El amor por la vida es la esencia del alma lo que nos da la valentía de vivir intensamente y de arriesgarnos por un ideal. El terror suicida asesino o el asesinato en nombre de «valores espirituales», en cambio, incentiva el odio por la vida.

Altruismo, nuestra verdadera esencia
Nuestro mundo finito recibe su vitalidad de un mundo superior-infinito. La recepción de la energía vital sólo es posible cuando depuramos los conductos a través de los cuales esa energía fluye. El altruismo genera la alegría que expande esos conductos y el egoísmo la tristeza que los contrae.

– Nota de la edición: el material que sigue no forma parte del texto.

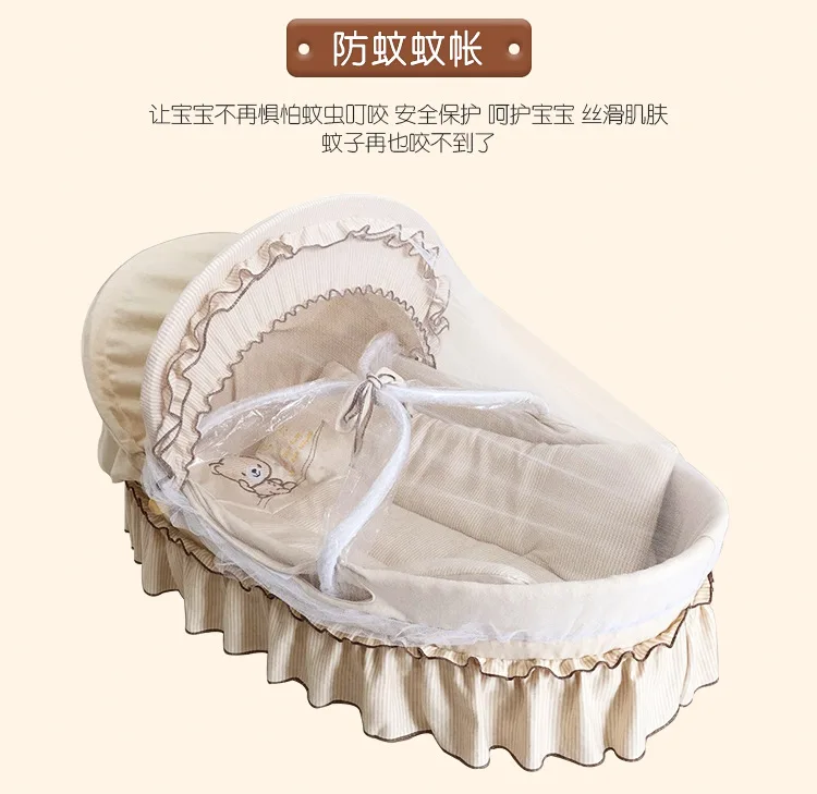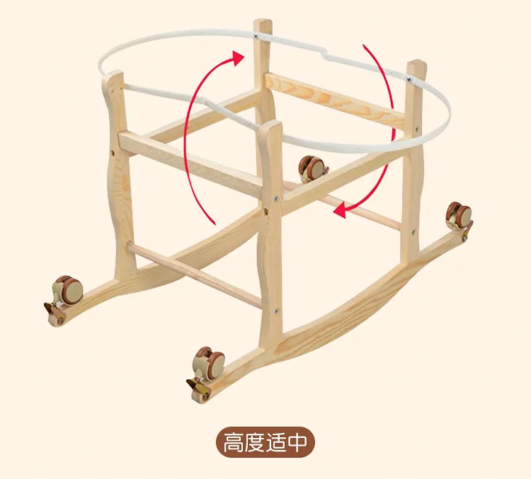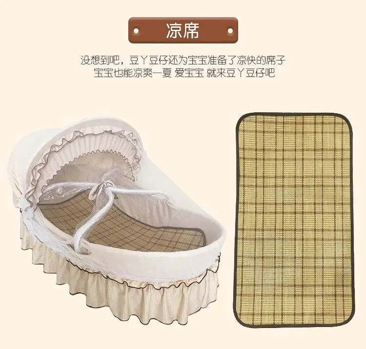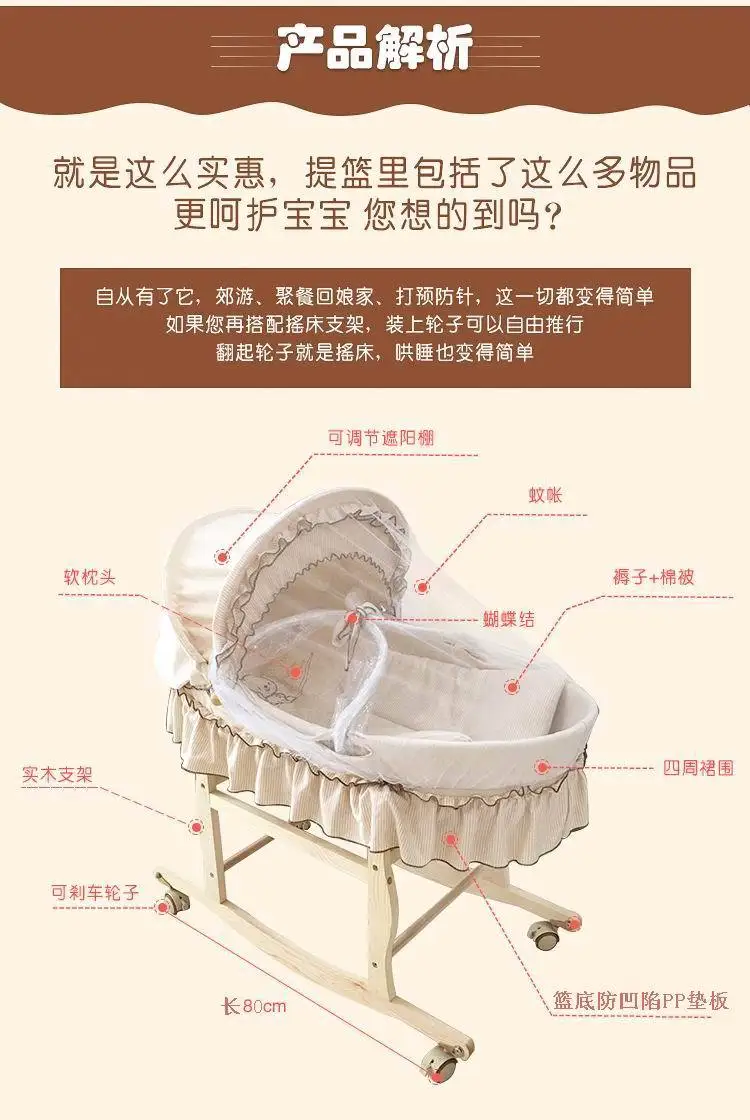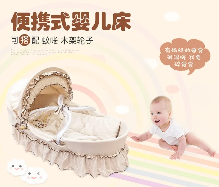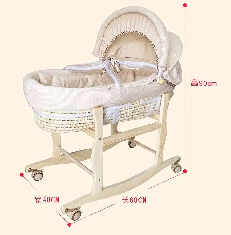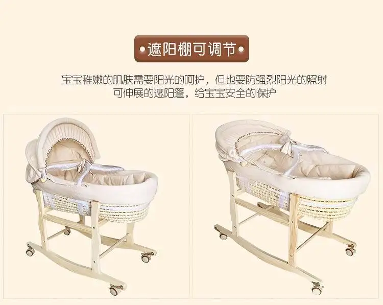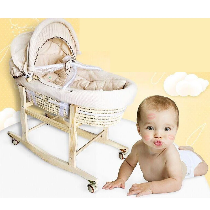 New Portable Sleeping Cradle Bed With Wheel Solid Wood Baby Basket Newborn Crib Baby Stroller For 0-24 Month

Altruismo es el afán de procurar el bien del prójimo aun a costa del propio. Únicamente a través de este gran esfuerzo la humanidad puede alcanzar la justicia y su armonía, siendo que altruismo es la cualidad de lo completo de HaKadósh Barúj Hú.

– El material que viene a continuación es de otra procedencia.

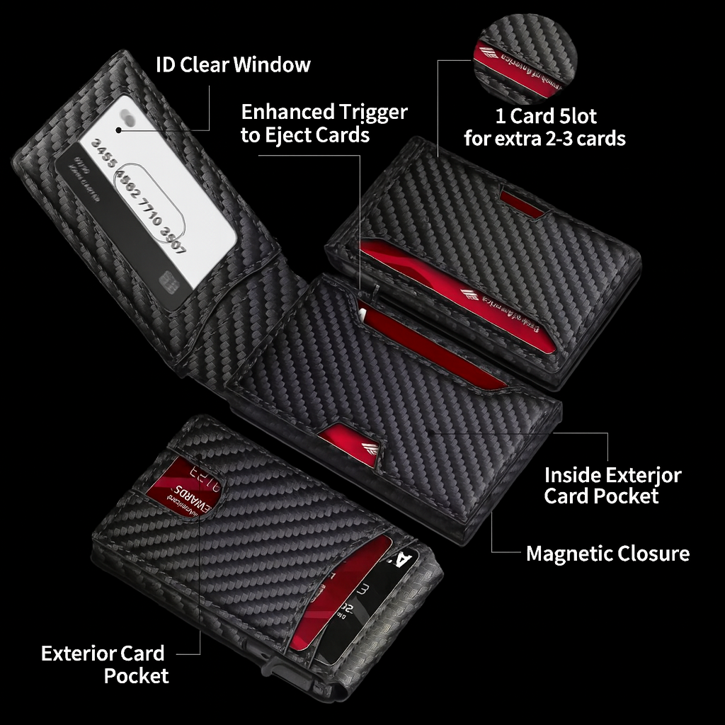 Up to 10+ cards without bulk.5–6 in the pop-up core, more in outer quick-access slots. Everything stays tight and organized.

El altruismo es nuestra verdadera esencia luminosa e infinita; el egoísmo, por el contrario, es lo que nos identifica con lo finito y transitorio. Nuestro cuerpo existe dentro de los límites tiempo-espacio y así como todo lo que se encuentra en los dominios de la naturaleza finalmente deberá morir. Nuestra alma, en cambio, pertenece a un mundo infinito, no conoce límites, ya que sabe que es infinita, de ahí la poderosa atracción que lo infinito ejerce sobre los seres humanos. Pero es necesario aprehender la forma correcta para que este mundo se transforme en el espacio adecuado para ayudar a los hombres a revelar armónicamente lo esencial e indestructible, lo realmente infinito.

Bamidbar, en el desierto
El libro Bamidbar relata la travesía del pueblo de Israel por el desierto en su preparación para entrar en la Tierra Prometida. Esta travesía señala el itinerario espiritual del alma hasta alcanzar la conciencia superior. De esa generación que salió de Egipto sólo los menores de 20 años entrarán en la Tierra de Israel, quienes la idolatría pagana, «la religión de Egipto», sólo había afectado parcialmente en su forma de discernir. En cambio, los mayores de 20 años ya no podían diferenciar entre el discernimiento galútico y la percepción judía de la realidad que recibieron a través de la Torá. El galút aún era parte del estado espiritual de esa generación, por lo que no podían alcanzar el nivel espiritual que los hacía aptos para acceder a la tierra de Israel. Pero esa generación del desierto pensó más allá del momento, pensó en la continuidad y ese objetivo les dio la fuerza para formar a los primeros habitantes de Eretz Israel hace más de 3300 años. De una generación que conoció la amargura de la esclavitud surgieron los padres y abuelos de la generación que sí logró esa conciencia superior que unifica a la Tierra con el Pueblo y con la Torá, la conciencia de HaKadósh Barúj Hú en toda su dimensión. La Torá nos enseña que no importa qué tenemos y qué somos, ricos pobres o aún esclavos, lo importante es qué hacemos con ello. Esa es la grandeza de la Torá que le da al hombre la fuerza para ver más allá de sí mismo, la generación del desierto, del galút, reconoció sus límites e invirtió sus esfuerzos en que sus hijos alcancen lo que ellos no podían alcanzar. Ese es el secreto de quien sabe que su alma es infinita, el altruismo que hace que cada judío discierna a partir del objetivo, del futuro, a tal punto que está dispuesto a trascender sus intereses personales en pro de los ideales espirituales que guían a la humanidad a la Armonía Universal. Sólo la Torá es capaz de revelar ese potencial humano y unir a todas las generaciones bajo un objetivo común. El Zóhar nos dice 2000 años atrás que la Sabiduría Interior de Israel, la Kabalá se revelará finalmente en su totalidad, y el pueblo de Israel pondrá fin a su exilio que es básicamente de carácter espiritual y así el mundo comenzará ha retornar a su estado original en donde se cumplirá la profecía de Isaías: «Y convertirán sus espadas en arados, y sus lanzas en hoces. No levantará espada nación contra nación, ni se entrenarán más para la guerra».